Он взял в руки карандаш, но сейчас же положил его обратно и уже ровным голосом стал рассказывать о княжеской дружине. По окончании урока госпожа Грушко вручила ему жестянку консервов. Глаза ее увлажнились слезами.

— Ешьте на здоровье, — сказала она, провожая до дверей Кравцова. — Мы вас очень, очень жалеем. Вы можете разделить консервы на два раза… на обед и на ужин. Сразу всего не съедайте, нужно экономить, голубчик. До свиданья…

Бухарест распахнулся оглушительной музыкальной шкатулкой. В этот обеденный час повсюду из ресторанов несся волнующий щебет скрипок. У кафе на улицах сидели за столиками нарядные румыны. Соломенные шляпы ярко вспыхивали на солнце.

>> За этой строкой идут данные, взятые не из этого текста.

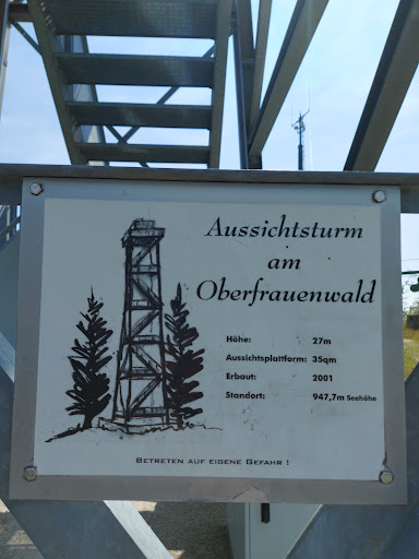 Wir sind eine etwas größere Runde den Oberfrauenwaldweg durch die wunderschöne Natur und teils sehr steilen anstiegen auf den Aussichtsturm gewandert. Die letzten 200 m bis zum Aussichtsturm waren sehr steil und nicht sehr gut befestigt. Aber der Ausblick von dem Berg und dem Turm selbst war super schön. Wir hatten auch perfektes sonniges Wetter. Ein Ausblick den man selten erlebt wenn man keine " größeren " Berge kennt. Für uns war es eine kleine Herausforderung aber es hat sich wirklich gelohnt. Aber es ist wirklich nur etwas für Menschen die sich sicher sind und fest im Tritt den steilen Berg hinauf laufen können. Das sollte hier definitiv...

«Сейчас я наемся, наемся как следует», — думал Кравцов, поспешно шагая вдоль оград и деревьев.

VI

То обстоятельство, что Наденька сама пригласила его на вечеринку, наполнило Кравцова радостью. Ему уже не терпелось поскорей дождаться субботы. Дома по вечерам он ходил из угла в угол, насвистывая баркароллу Чайковского, странно преследующую его эти дни, хотя он не слыхал ее уже много лет, восемь или девять лет, а может быть, и больше. Он открывал дверь и выходил в крошечный садик за домом. В обугленном небе прохладными огнями сияли звезды. Дымный куст персидской сирени плыл от забора одуряющим ароматом. А поту сторону темной площади, в неясном хаосе звуков, колыхались огни города. Когда он возвращался в комнату и зажигал, наконец, лампу, на листе газетной бумаги, покрывающем стол, возникала от абажура ярко освещенная арена. Миниатюрные жучки-фокусники подпрыгивали на ней, переворачиваясь на спину. Нежнейшие ночные бабочки в серебряных ризах священнослужителей озабоченно ползали из стороны в сторону. Тонкой струной звучал где-то у потолка невидимый комар. Тень от него то появлялась на стене судорожно прыгающей точкой, то бесследно пропадала и обнаруживалась в другом углу комнаты, вырастая до невероятных размеров. Лампа чуть слышно шипела, как добродушный и укрощенный зверь. Это были часы смутных мечтаний… Но если бы у него спросили, о чем он думал, сидя неподвижно у стола с вытянутыми на коленях руками, он сам не смог бы на это ответить, так как в действительности не думал ни о чем определенном. Он только знал, что в жизнь его вошло неизъяснимо лучшее, чем то, что сохранялось в обрывках, лучшее, чем молодость и детство. («…Лучше того, что прилетают весной скворцы… и, может быть… даже наверно, лучше кровли родного дома, собственно одного только фронтона над садом… и, когда был гимназистом…») А ночью он пробуждался от шороха мышей, — сон был хрупкий и ломкий. Объектив луны вдвигался в комнату и производил киносъемку. Опытные статисты перекатывали по полу большую перламутровую пуговицу, должно быть, достояние раньше жившего здесь квартиранта.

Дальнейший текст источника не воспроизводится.